„W labiryncie” – recenzja

Recenzja książki „W labiryncie”.
Czy możliwa jest całkowita i niezaprzeczalna wygrana ze złem?

Tuż przed tym, gdy priorytetem stało się dołączenie do akcji #zostanwdomu, do polskich kin wszedł film „W labiryncie”. Zapewne niewiele osób miało okazję go zobaczyć, zanim kina zostały zamknięte. Dzięki wydawnictwu Albatros mamy jednak szansę przeżyć tę historię. Nie wiem, czy książka jest lepsza od ekranizacji, ale papierowa wersja „W labiryncie” z całą pewnością Was nie zawiedzie i zapadnie w pamięć na całkiem długą chwilę.

O czym jest ta historia? Po 15 latach niewoli z rąk psychopaty uwalnia się Samantha. Porwana jako zaledwie trzynastoletnia dziewczynka, dziś staje przed bardzo trudnym zadaniem – ma pomóc w schwytaniu swojego oprawcy z pomocą specjalisty. Tylko jak to zrobić, gdy przede wszystkim chce się zapomnieć, a rzeczywistość miesza się ze snem i halucynacjami?

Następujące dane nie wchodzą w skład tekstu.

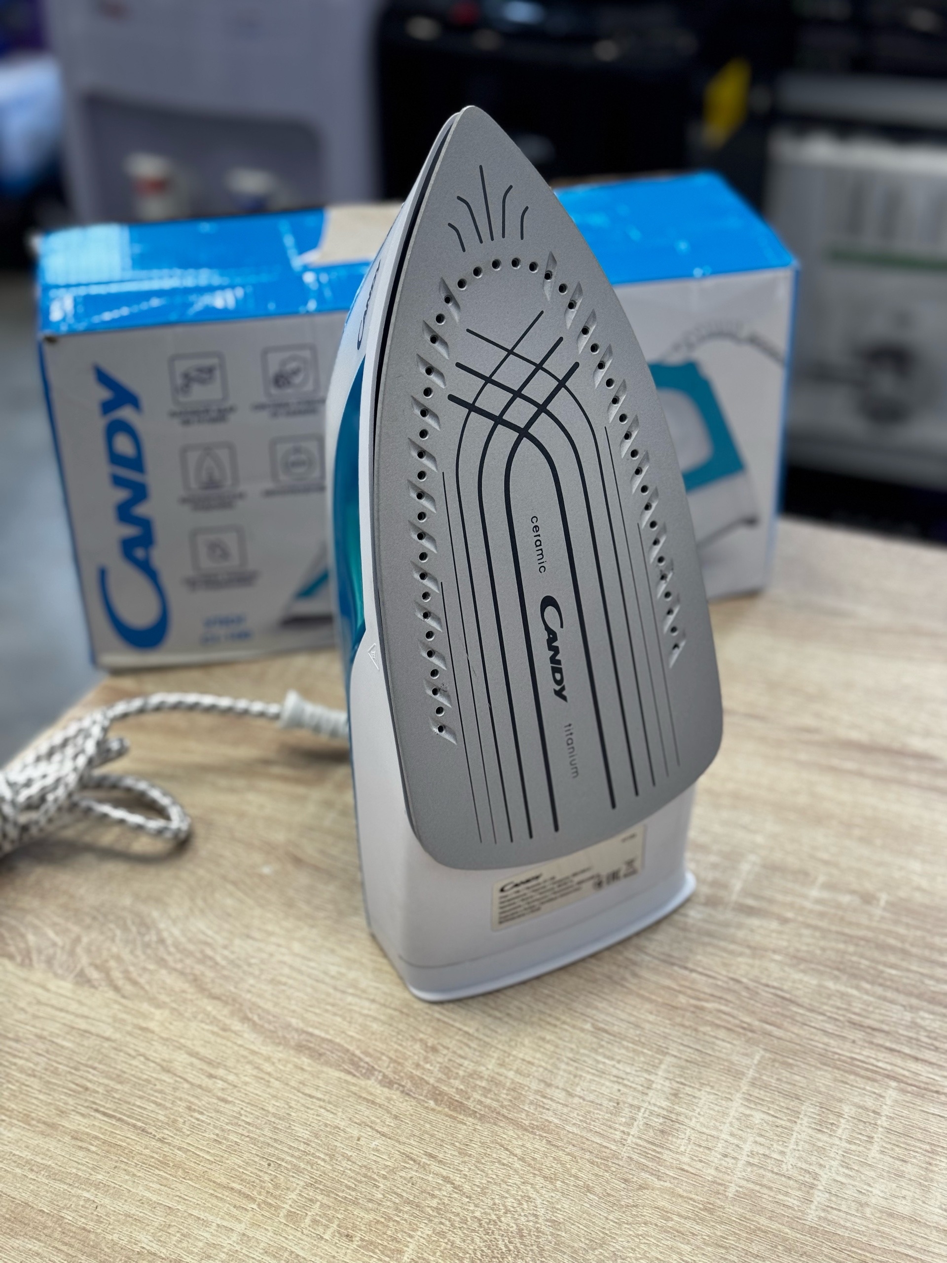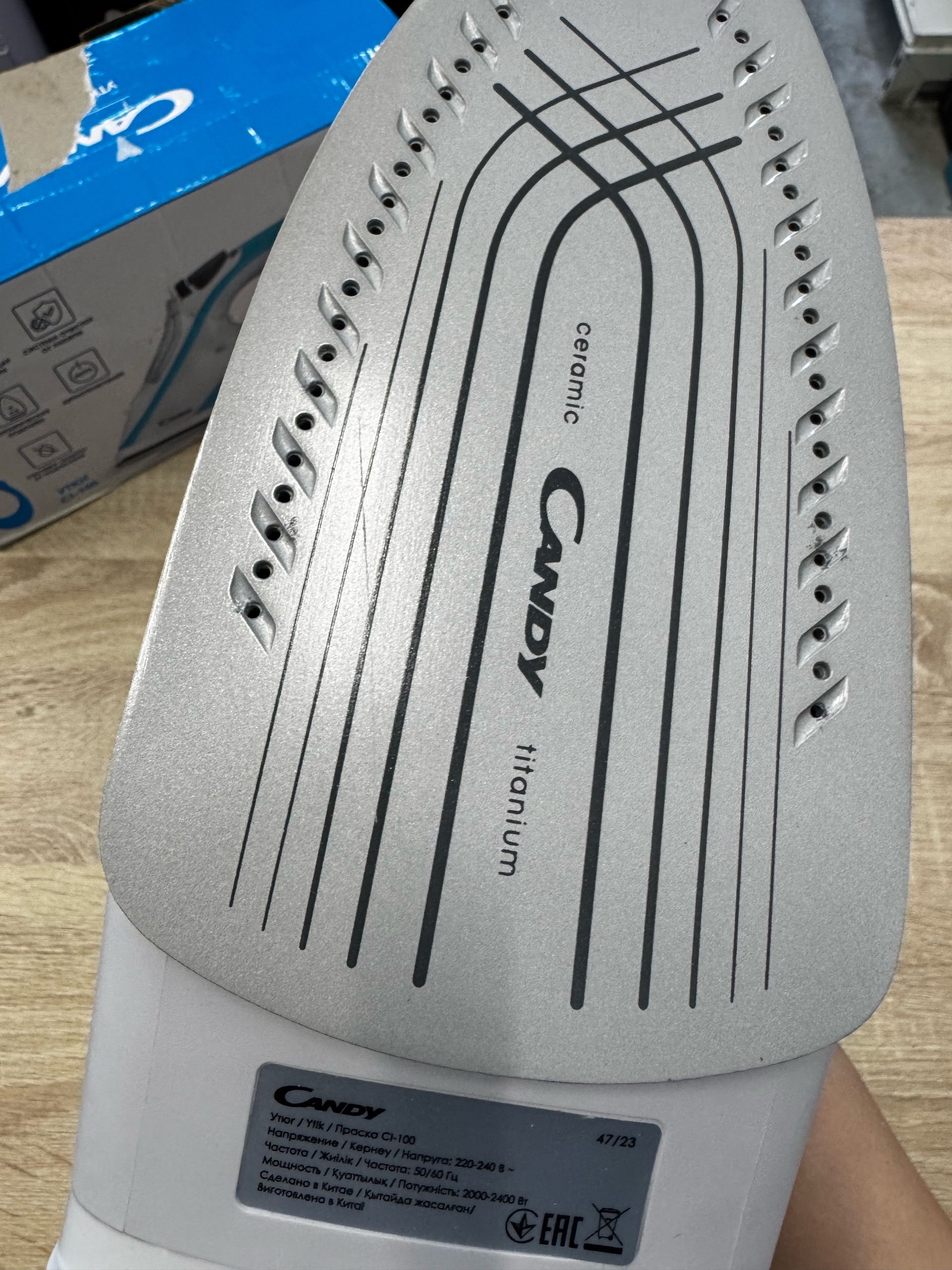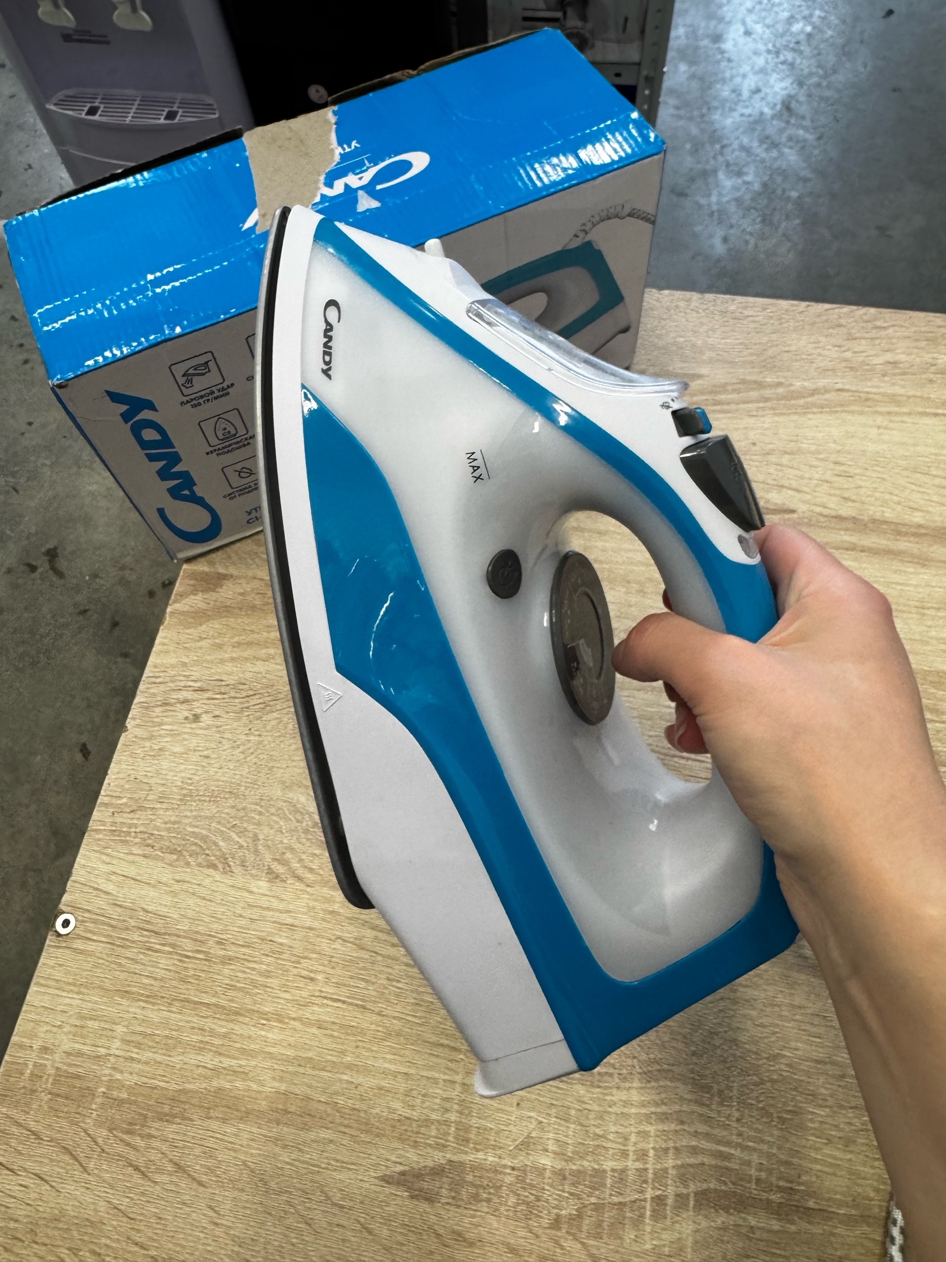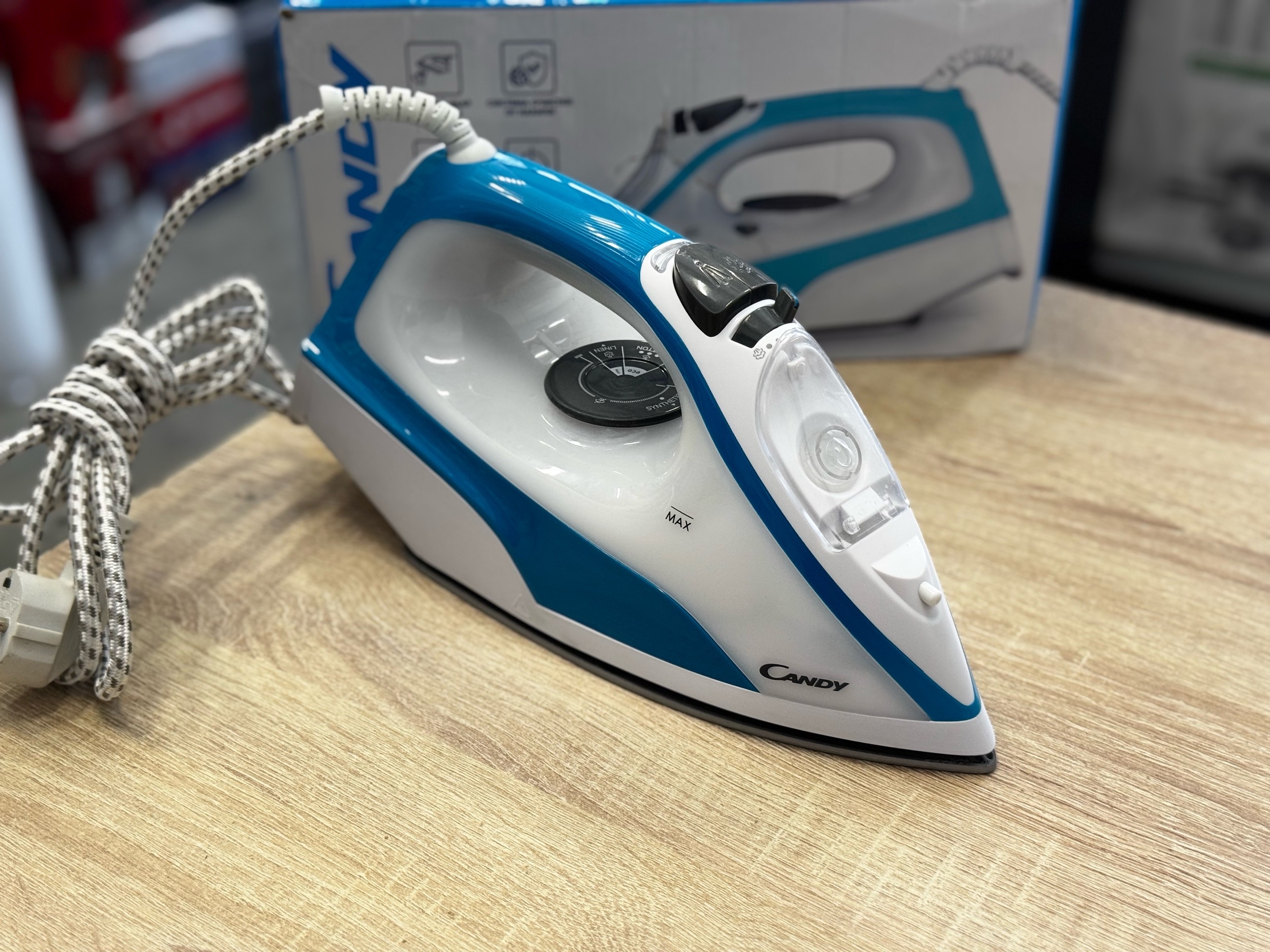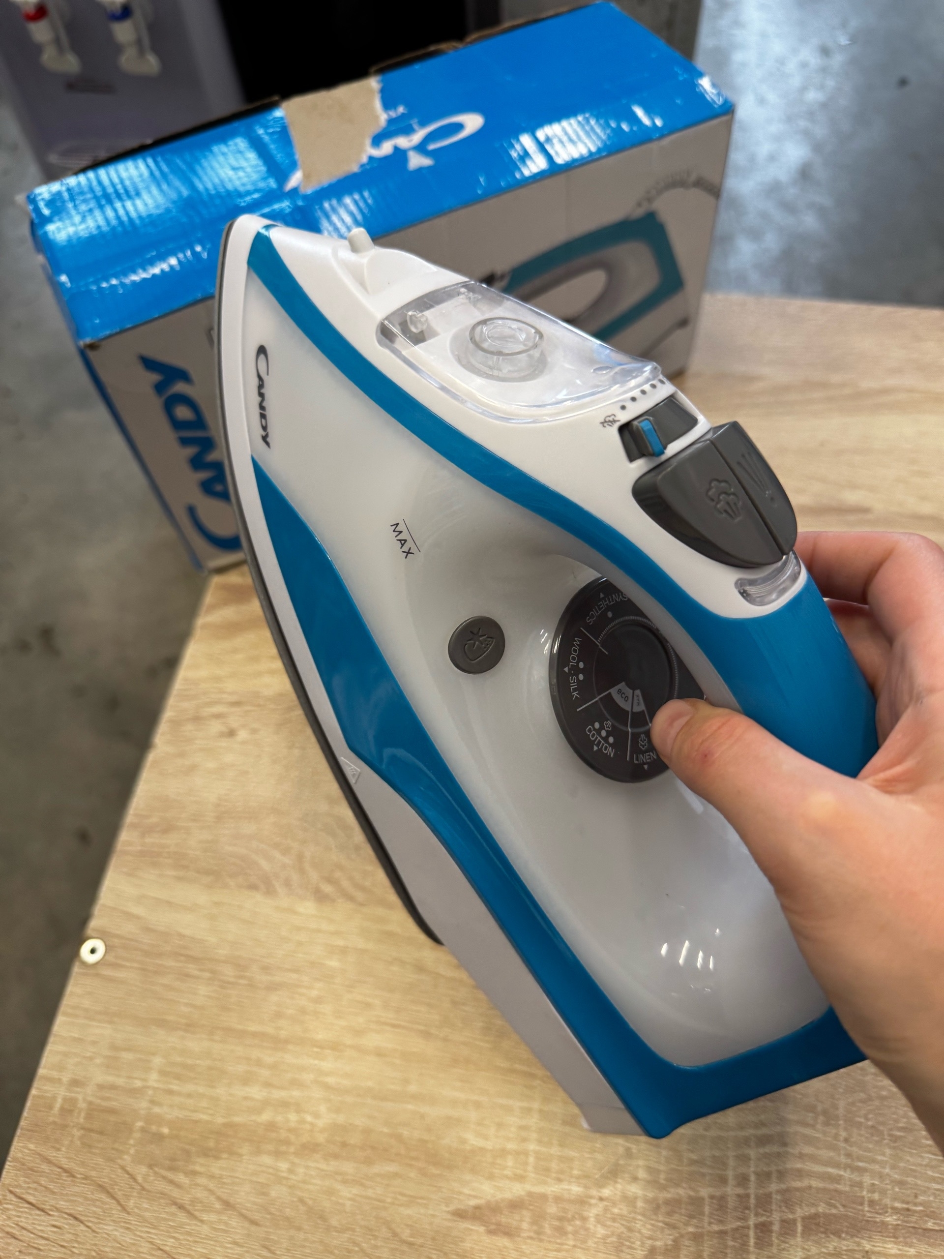 Утюг Candy CI-100 представлен в корпусе бело-голубой расцветки. У модели четыре режима работы, выбор температуры нагрева осуществляется с помощью поворотного переключателя.

Co w tych wspomnieniach jest kotwicą, jakiej można się uchwycić, by nie zwariować?

Na porywacza poluje nie tylko profiler – dr Green, współpracując z uratowaną dziewczyną, ale także prywatny detektyw Bruno Genko, dla którego ta sprawa jest jednocześnie próbą rozliczenia się z przeszłością. Tak więc poszukiwania śledzimy przez cały czas z dwóch perspektyw – Samanthy, próbującej odtworzyć wspomnienia i detektywa, przemierzającego miasto w poszukiwaniu kolejnych tropów. Choć te dwie narracje prowadzone są oddzielnie, to jednak sposób ich przeplatania sprawia, że książka właściwie ani na chwilę nie traci swojego tempa. Wskazówki dotyczące rozwiązania zagadki zostały sprytnie rozłożone w całej książce, nie pozwalając się czytelnikowi nudzić.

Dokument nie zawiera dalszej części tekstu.